You will note that, of the twelve men, nine were officers; this left Frank Koppeis, Edward Kreitsek, and Donald MacRae to be troops. (It was not recorded which was First, Second, or Third Platoon.)

By December of 1963, the Minutemen numbered 34. By February, 113 men answered the roll call.

Plans were made for a gala military ball, to be held April 17 at the historic Wayside Inn; many have been held since then, but none more inspiring to those who attended.

Then Concord's Celebrations Committee made its first mistake, and invited the Sudbury Company to participate in Patriot's Day events. The invitation, according to Joseph Brown, was enthusiastically accepted by the field officers. How the company officers felt is not recorded: footsore, probably.

At any rate, the 19th of April, 1964, arrived. It was a balmy (which was appropriate) Springlike Sunday, "the brooks were fresh, the tree buds bursting, the grasses green and lush", according to [Joseph] Brown. Fifer Ted Brown and drummer Fred Stone were dispatched to the old Common, there to sound the alarm. Rod Yetton rode express in from Concord to warn the inhabitants of Sudbury of the approach of the British. The musket-fire of Emory Warren echoed a sound a hundred and eighty-nine years gone, and Bob Wellman tolled the steeple bell to summon the troops. Reverend Bill Simmerman's voice carried out from the old stocks: "We will meet the hateful tyrant, and overcome him!"

At 10:35 in the morning, the Great March began. Colonel Bonnazoli, then a septuagenarian, led his troops around the Common, to the delight of a slightly mystified audience. Twenty-one horses, and three Companies of Foot, set off to Concord. Along the way, they were joined unexpectedly by the Uxbridge Fife and Drum Corps, likewise on their first march to Concord.

Joe Brown remembers the high spots of many trips: Sergeant Hanley, Defender of Concord; the oxen; pontoon bridges; Ferndock's Ferry, and the bathing of the Minutemen; Ernie and his wagon; fording the Assabet; the dirty Third; parachutists at Dakin Farm; turkey-shoots; the march to Meriam's Corner (and the Epsom Salt foot-baths that followed); the ceremony at Col.
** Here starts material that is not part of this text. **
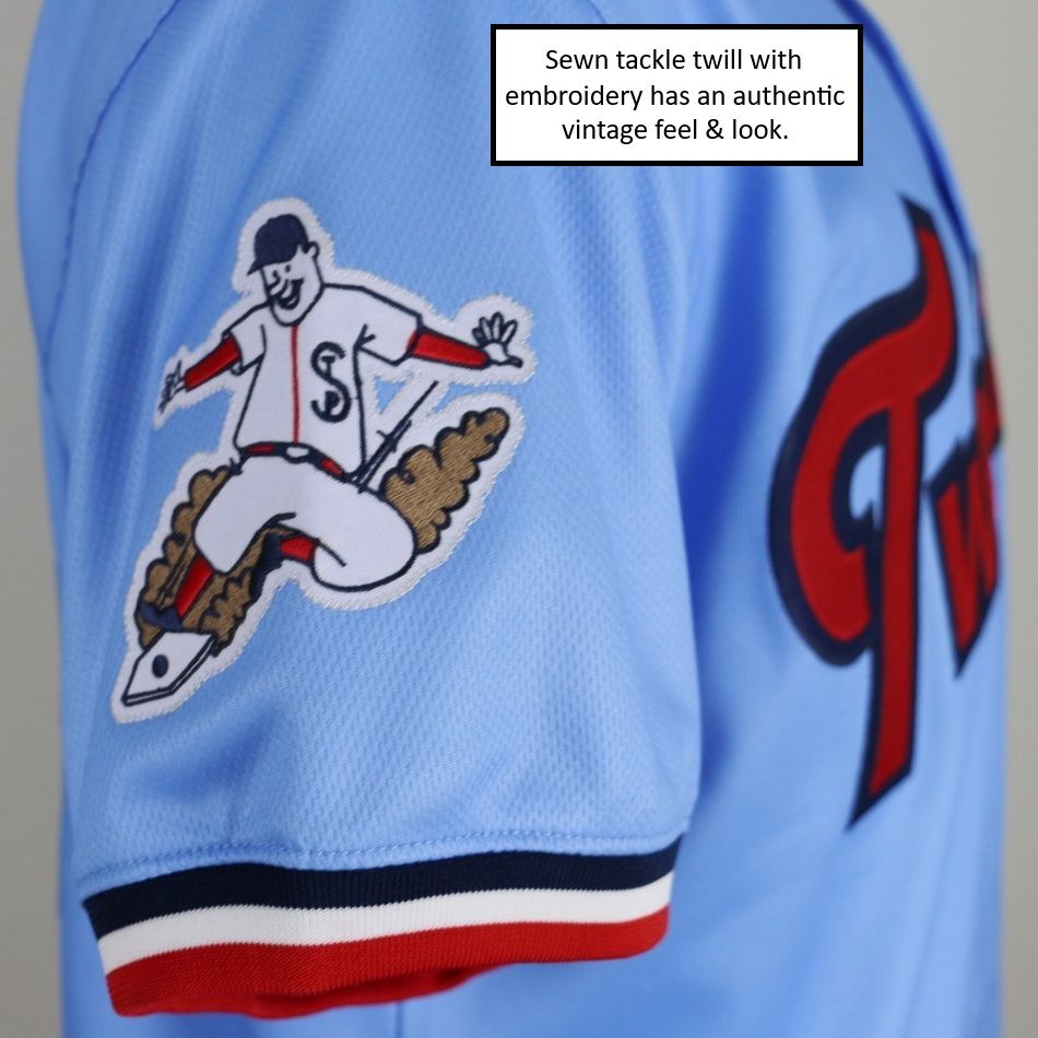 Phillies HG400-PHI custom full button baseball jerseys for adult and youth teams. Homegrown HG400-PHI retro Phillies pattern features a solid vintage blue in Dura Light Pro wicking fabric body with throwback maroon sewn braiding on the sleeve and center placket.

Barrett's grave, like so many Sudbury innovations, instantly adopted by Concord; the Irregulars.

The only sure thing about the Sudbury Companies of Minute and Militia is that there will be more mysterious events along the road: more irreplaceable memories.

But when you look behind the laughter and the frivolity and the irreverence of the Sudbury Minutemen, you see something that was somehow conceived by a dozen men, somehow nurtured and kept alive: a pride, yes, an honest-to-God pride, of all emotions, in being a Minuteman from Sudbury.

Other men, in other towns, started Companies of Minute and Militia, too: good men, with good ideas and good intentions. But those other companies didn't turn out to be Sudbury's, and Sudbury's didn't turn out to be anybody else's.

Joe Brown, and Al Bonnazoli, and John Powers, and Doc Fitzgerald, and Frank Sherman, and Art Fay, and Ed Kreitsek, and Roger Bump, and frank Koppeis, and Don MacRae, and Al Berberian, and Rex Trailer.

Hundreds and hundreds of people owe these twelve men some of the brightest moments of our lives.

And thanks to you, Publius. Whoever you were.